One of the key developments in the post-Bretton Woods era was the rise of financial globalization. As capital markets became more integrated, money began to flow more freely across borders. The Eurodollar market, which had its roots in the offshore banking system of the 1960s, expanded rapidly. Eurodollars became a key source of funding for international trade and investment, and the size of the Eurodollar market soon surpassed that of the domestic U.S. dollar market.

The growth of the Eurodollar market had important implications for the global economy. It allowed for greater liquidity and facilitated the financing of global trade and investment. However, it also created new risks, as the offshore nature of the market made it difficult for regulators to monitor and control. The shadow banking system, as it came to be known, operated outside of traditional banking regulations and was largely unregulated.

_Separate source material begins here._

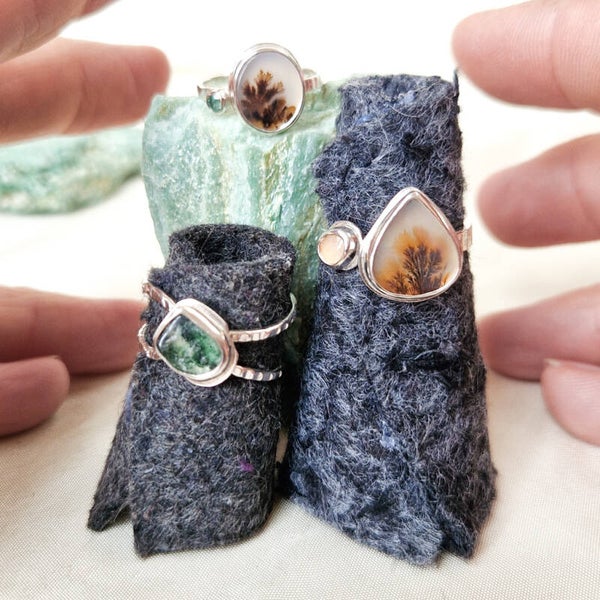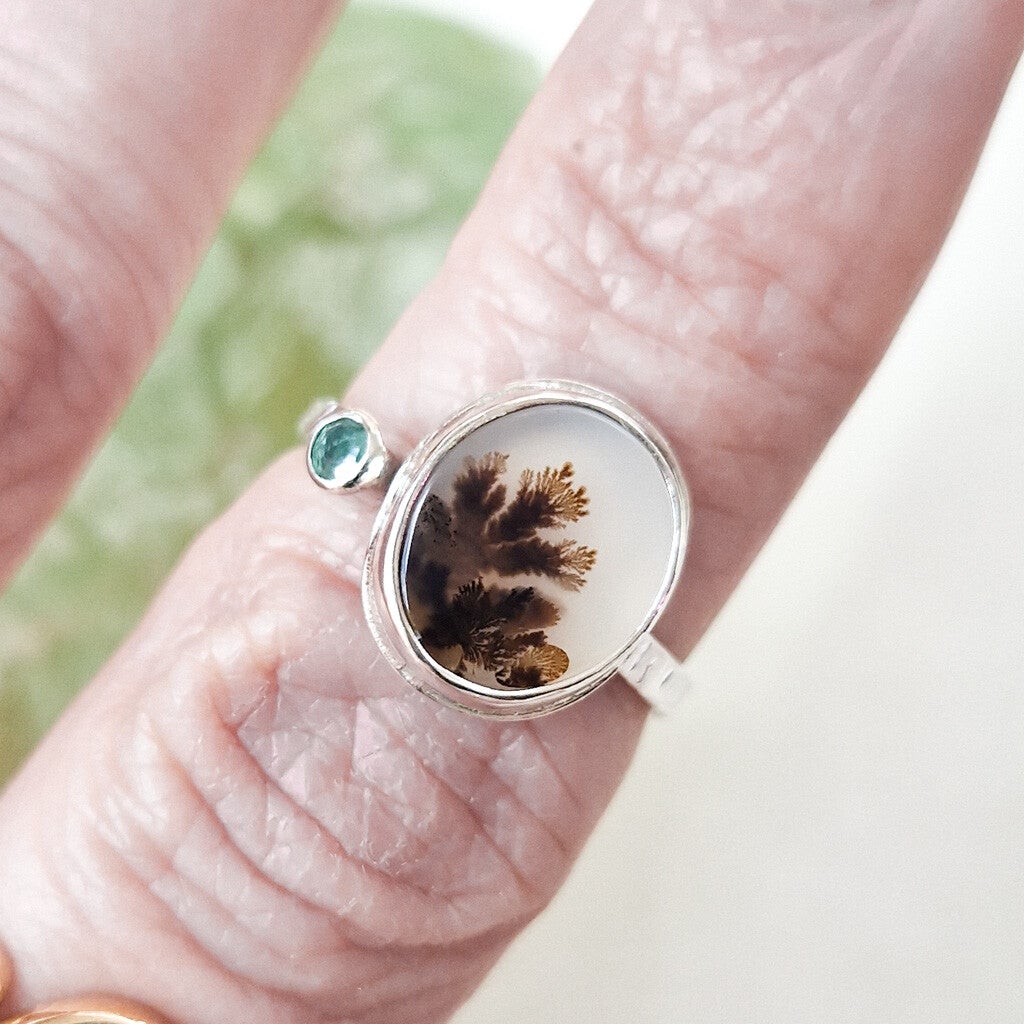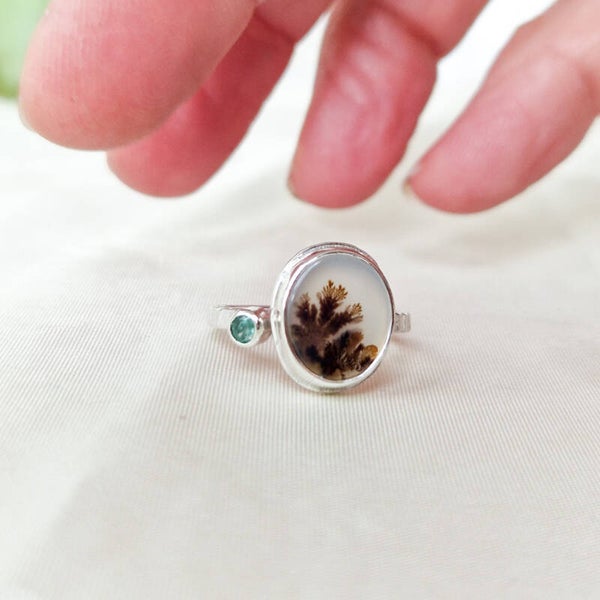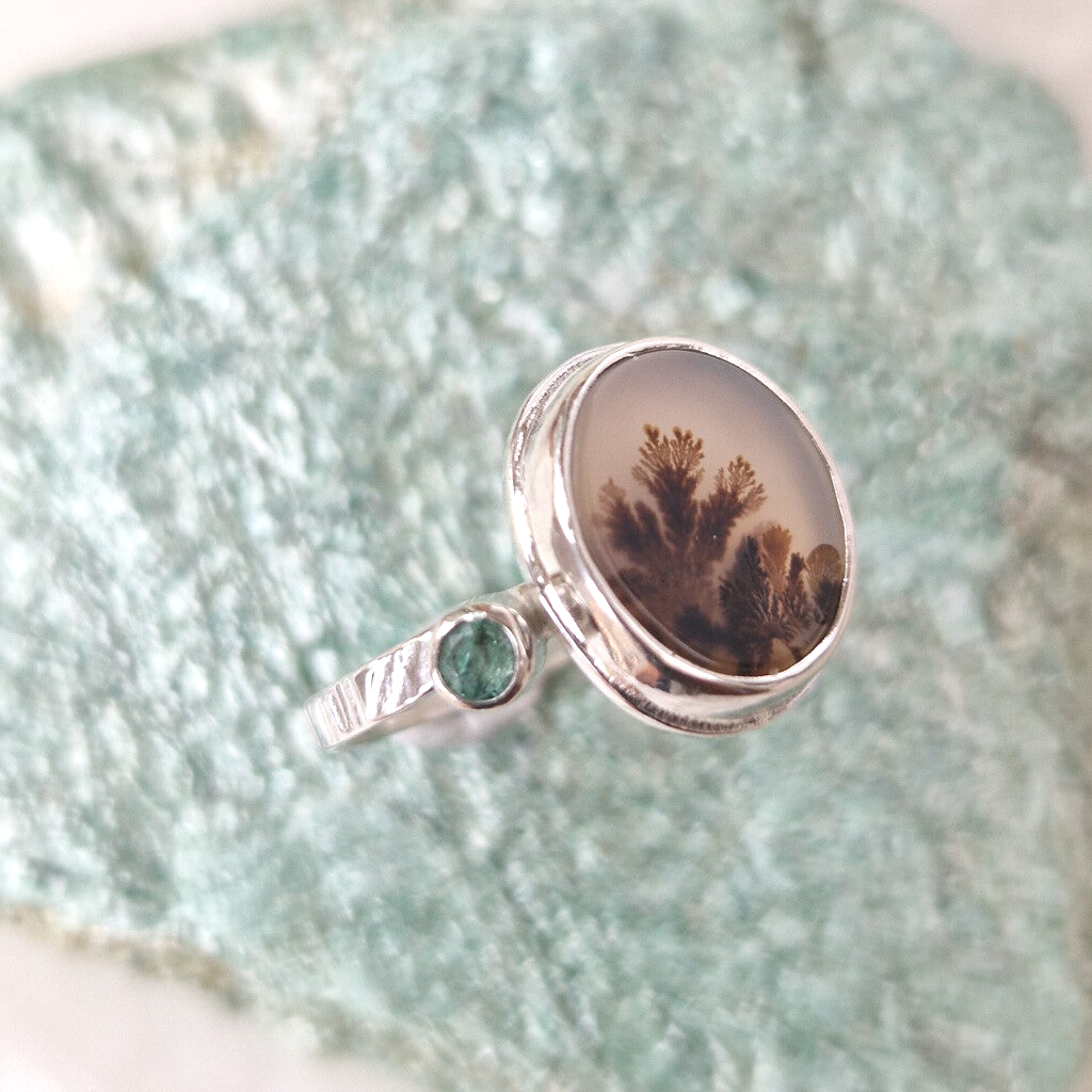 Zilveren ring met Dendriet agaat (ovaal 12x10 mm) en Smaragd (rond facet 4 mm) op een ringbandje van 3x1,5 mm met een boomschors textuur afwerking.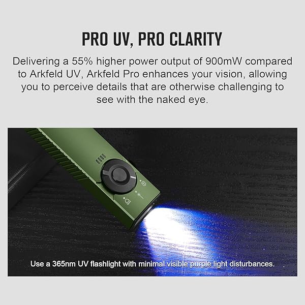 - OLIGHT Arkfeld Pro Rechargeable EDC Flat Flashlight with Green Beam, UV and White LED Combo, 1300 Lumens Portable Pocket Lights, Triple Sources for Outdoors Emergency Working (OD-Green CW) with reliable performance and quality- The output of the green beam is 5mW, the class is 3R- [Three-in-One Functionality] Provides an impressive maximum brightness of 1300 lumens for excellent illumination. Arkfeld pro combines white light, UV, and green beam in a single flashlight, offer

The Financial Crisis and its Aftermath

The vulnerabilities of the global monetary system were exposed during the 2008 financial crisis. The collapse of Lehman Brothers and the subsequent global financial meltdown sent shockwaves through the global economy. Central banks around the world were forced to intervene to prevent a complete collapse of the financial system.

The financial crisis highlighted the interconnectedness of the global financial system and the risks posed by the shadow banking system. It also exposed the shortcomings of the existing regulatory framework, which had failed to keep pace with the rapid changes in the financial industry. In response, policymakers implemented a series of reforms aimed at strengthening financial regulation and reducing systemic risks.

However, the reforms implemented in the aftermath of the financial crisis have not fully addressed the underlying issues of the global monetary system. The dominance of the U.S. dollar as the global reserve currency remains, and the Eurodollar market continues to play a significant role in the global financial system. The offshore nature of the market makes it difficult to regulate and control, and the risks associated with it have not been fully addressed.

Moving Forward

To address the challenges facing the global monetary system, policymakers need to take a comprehensive approach. This includes addressing the root causes of the problems, such as the dominance of the U.S. dollar and the vulnerabilities of the shadow banking system. It also requires greater international cooperation and coordination, as no single country can solve these issues on its own.

Furthermore, policymakers need to consider the impact of monetary policy on the real economy. The focus should not just be on financial stability, but also on promoting sustainable and inclusive economic growth. This includes addressing issues such as income inequality, access to healthcare and education, and affordable housing.

In conclusion, the global monetary system is facing significant challenges. The dominance of the U.S. dollar and the vulnerabilities of the shadow banking system are just some of the issues that need to be addressed. Policymakers need to take a comprehensive and coordinated approach to ensure the stability and sustainability of the global monetary system. Only by doing so can we hope to create a more inclusive and prosperous world.